The author is a Reuters Breakingviews columnist. The opinions expressed are her own.

Around the world, investigators are trying to find out if the largely unregulated foreign exchange market was manipulated. Even before the probes are completed, the pace of change will pick up in the $5 trillion-a-day market, in both what moves currencies and the way business is done.

Regulators are investigating whether some traders profited from knowledge of how clients wanted to trade around the time that widely-used benchmark prices were set. Chatter about rumoured flows has long been a way of life in FX, and not just at benchmark-setting minutes.

The economic logic for talking is simple and strong, as a 2013 Bank for International Settlements working paper shows. Knowledge of customer order flows, particularly from asset managers, has “a significant economic value for a dealer.” Dealers’ gains are amplified as the market concentrates.

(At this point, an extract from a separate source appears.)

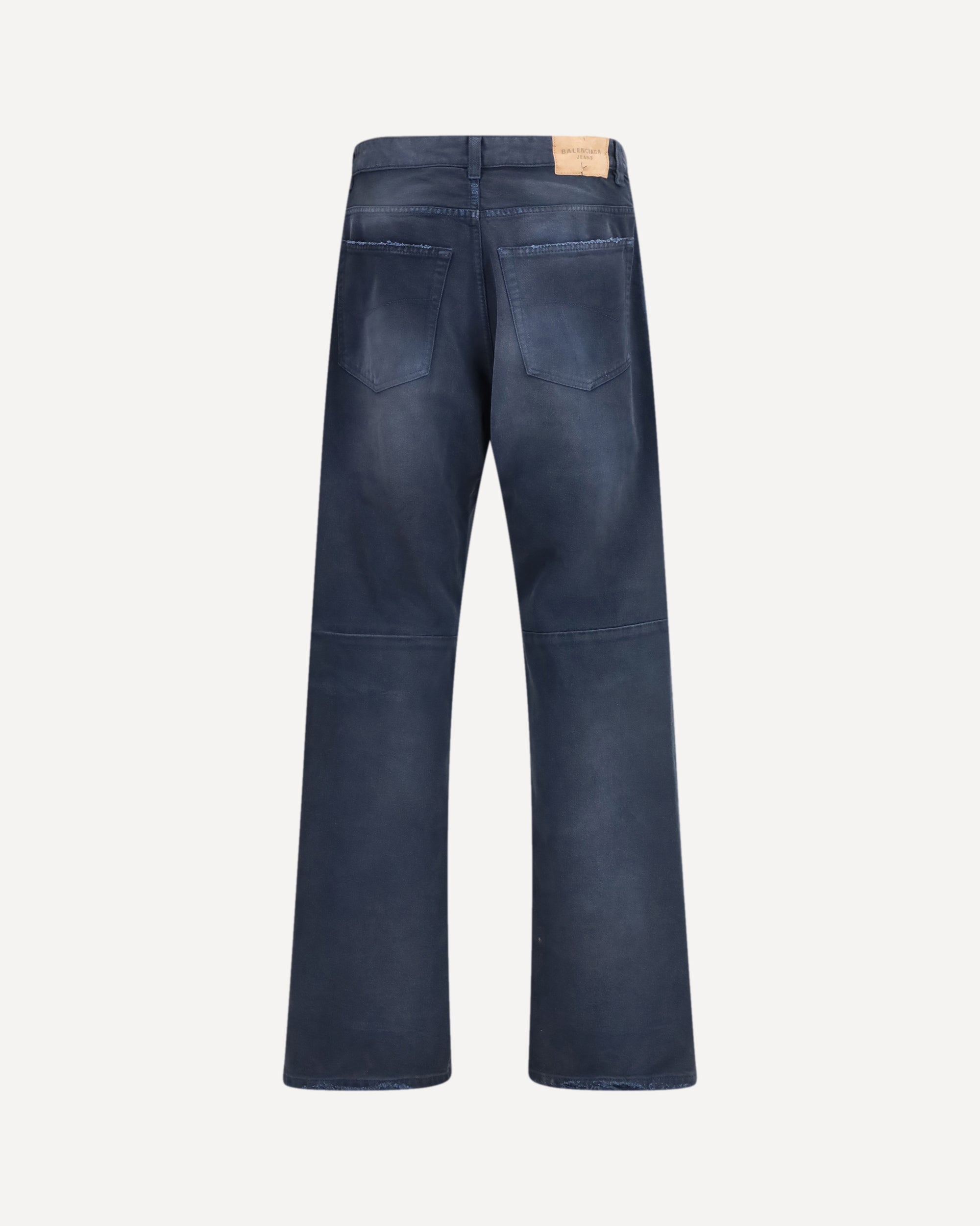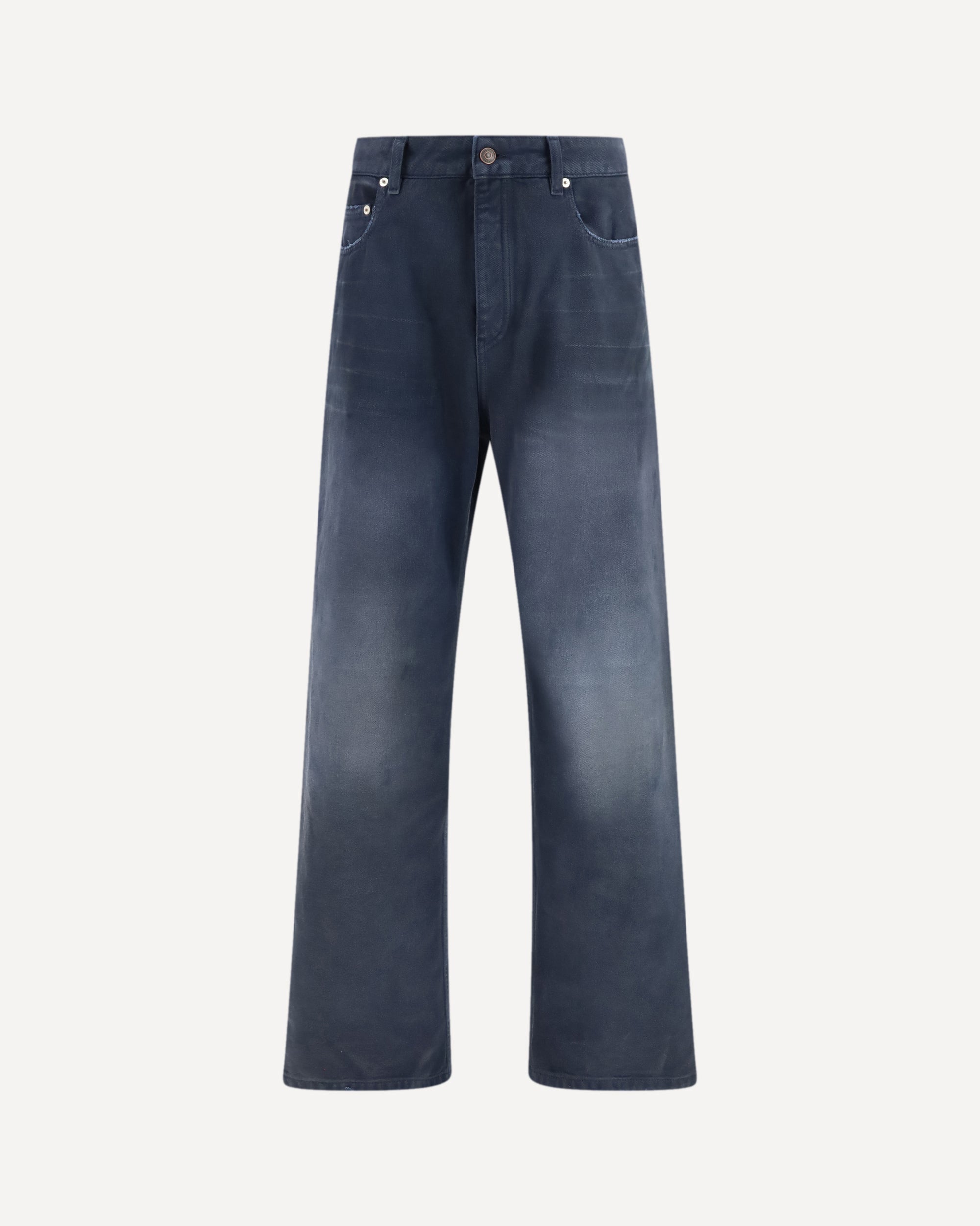 The wide-leg denim Jeans by Balenciaga reinterpret the classic five-pocket style with a relaxed and contemporary attitude. The loose silhouette is enhanced by a washed finish that adds depth and character, while belt loops and a zip-and-button fastening emphasize its clean construction. A logo patch applied at the back completes the design with Balenciaga’s unmistakable signature.

The investigations have awakened the traders’ employers. Several banks have curbed the use of online chatrooms, long used to swap rumours and nuggets of information. And the traders, after more than 20 of them have been suspended or fired, are being far more circumspect about what they share. Muffling the echo chamber of FX chatter will mute the impact of client orders, since fewer people will be able to jump on the bandwagon of rumoured flows.

The heightened sensitivity about fairness to clients will probably see even more FX business done on electronic trading platforms: humans can be accused of mishandling such information, machines can’t. Three-quarters of global FX trading volume is already processed electronically, according to financial research firm Greenwich Associates. It’s 28 percent for the currency options part of the market. Since banks get higher margins on options than on spot trading, FX profits will be squeezed if “electronification” makes inroads in that part of the market.

It looks like regulators will take some time to decide if the FX rates were manipulated and what to do about it. Currency markets, always quick to anticipate news, won’t wait for the final results. They will start adjusting to the new environment before it’s unveiled.